Task objective: Give back the whole listing verbatim, printing none of its pictures.

··········

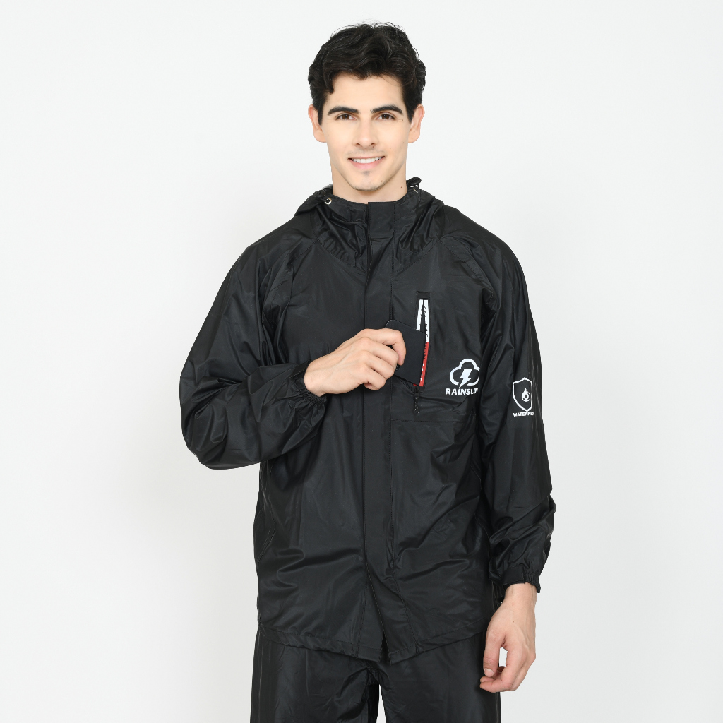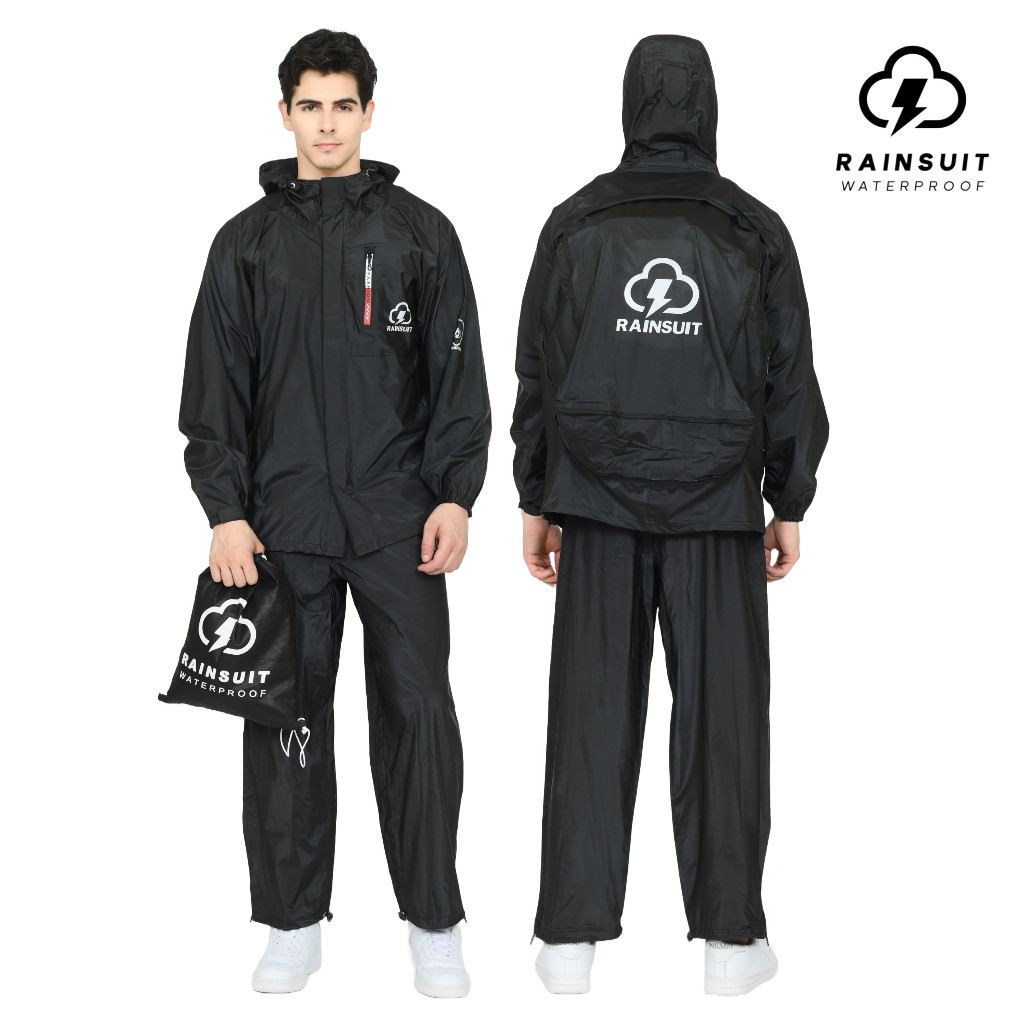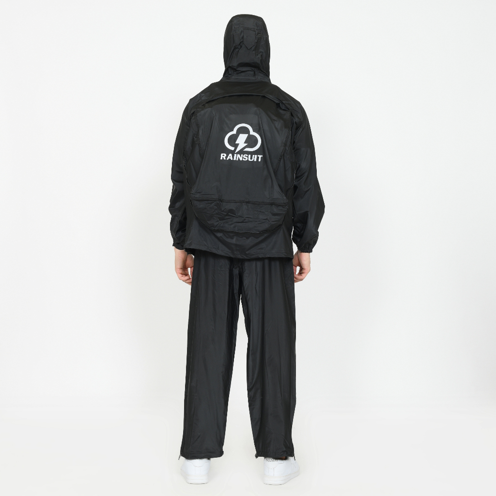 RAINSUIT Jas Hujan Raincoat Backpack Ransel Outdoor Setelan Dewasa Pria Wanita Bahan PVC Warna Hitam
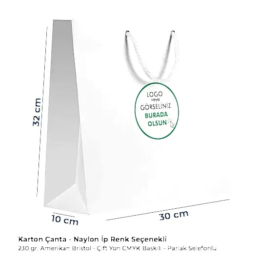 30×32×10 cm dikey karton baskılı çantamız; mağaza paketlemeleri, kurumsal etkinlikler, fuar promosyonları ve butik alışverişler için özel olarak hazırlanan, yüksek dayanımlı ve kaliteli bir taşıma çözümüdür. Tüm karton çantalar müşteriye özel üretildiği için dilediğiniz renk, tasarım ve ölçüde üretim yapılabilir. Sitemizde 20’ye yakın farklı ölçü mevcuttur; ihtiyacınıza uygun ölçüyü seçip sipariş verebilir, baskı dosyanızı kolayca yükleyebilirsiniz.
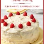 This beautiful, delicious Banana Raspberry Cake with Lemon Frosting recipe comes from my cousin Barb’s daughter Mindy Newlin. Surprisingly easy to prepare, the buttermilk and bananas in the batter keep the cake super moist, and the lemon-cream cheese frosting is simply divine. And the fresh raspberries stuffed between the cake layers provide brightness and color (yes, they’re also inside, not just on top!).
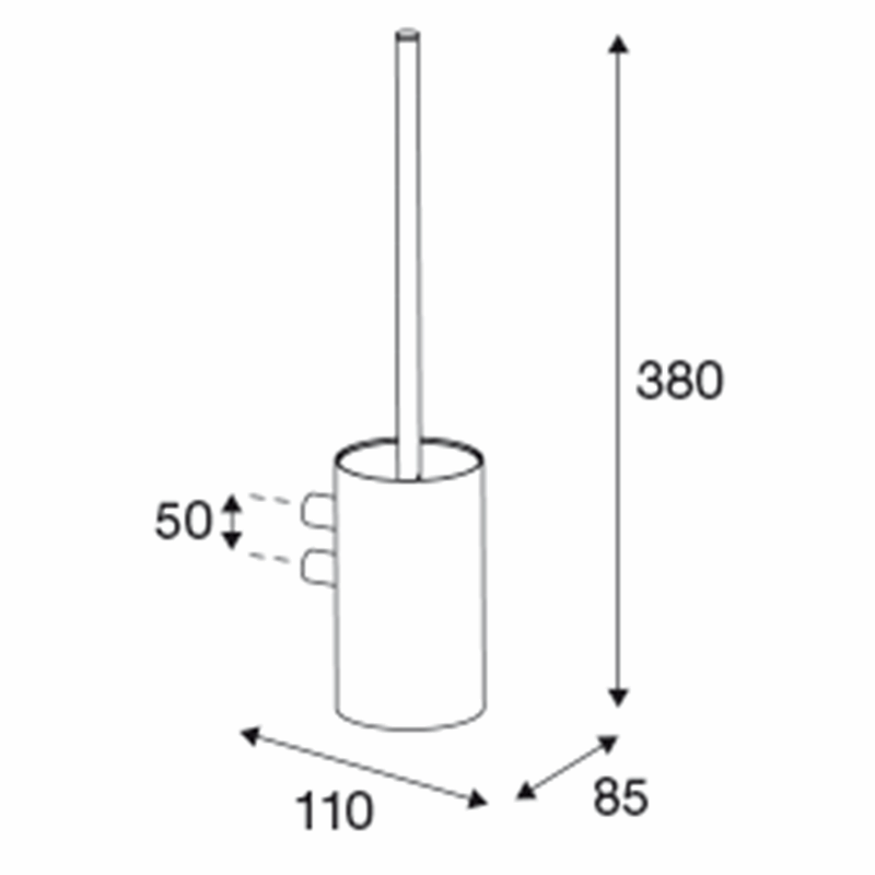 Elegant toiletbørste til ophæng på væggen. Giver ekstra plads på gulvet
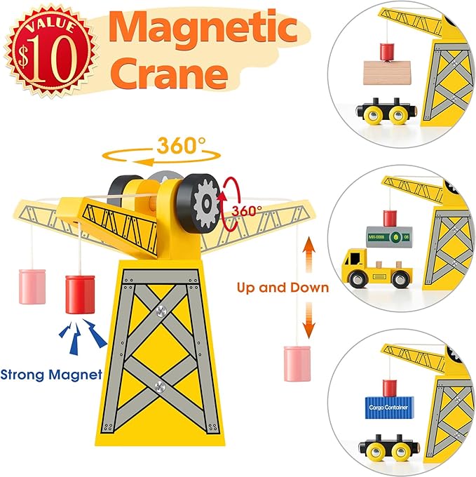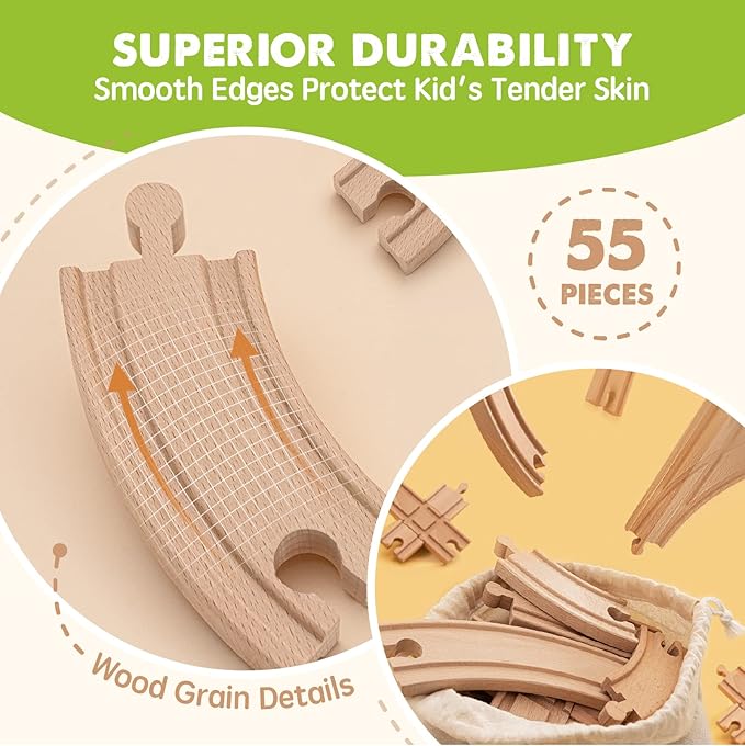 - Premium Wood, Built to Last: Made from high-quality, durable wood and finely polished for safety, this train set is crafted to withstand years of enthusiastic play.

··········

Result of this task:
 RAINSUIT Jas Hujan Raincoat Backpack Ransel Outdoor Setelan Dewasa Pria Wanita Bahan PVC Warna Hitam
 30×32×10 cm dikey karton baskılı çantamız; mağaza paketlemeleri, kurumsal etkinlikler, fuar promosyonları ve butik alışverişler için özel olarak hazırlanan, yüksek dayanımlı ve kaliteli bir taşıma çözümüdür. Tüm karton çantalar müşteriye özel üretildiği için dilediğiniz renk, tasarım ve ölçüde üretim yapılabilir. Sitemizde 20’ye yakın farklı ölçü mevcuttur; ihtiyacınıza uygun ölçüyü seçip sipariş verebilir, baskı dosyanızı kolayca yükleyebilirsiniz.
 This beautiful, delicious Banana Raspberry Cake with Lemon Frosting recipe comes from my cousin Barb’s daughter Mindy Newlin. Surprisingly easy to prepare, the buttermilk and bananas in the batter keep the cake super moist, and the lemon-cream cheese frosting is simply divine. And the fresh raspberries stuffed between the cake layers provide brightness and color (yes, they’re also inside, not just on top!).
 Elegant toiletbørste til ophæng på væggen. Giver ekstra plads på gulvet
 - Premium Wood, Built to Last: Made from high-quality, durable wood and finely polished for safety, this train set is crafted to withstand years of enthusiastic play.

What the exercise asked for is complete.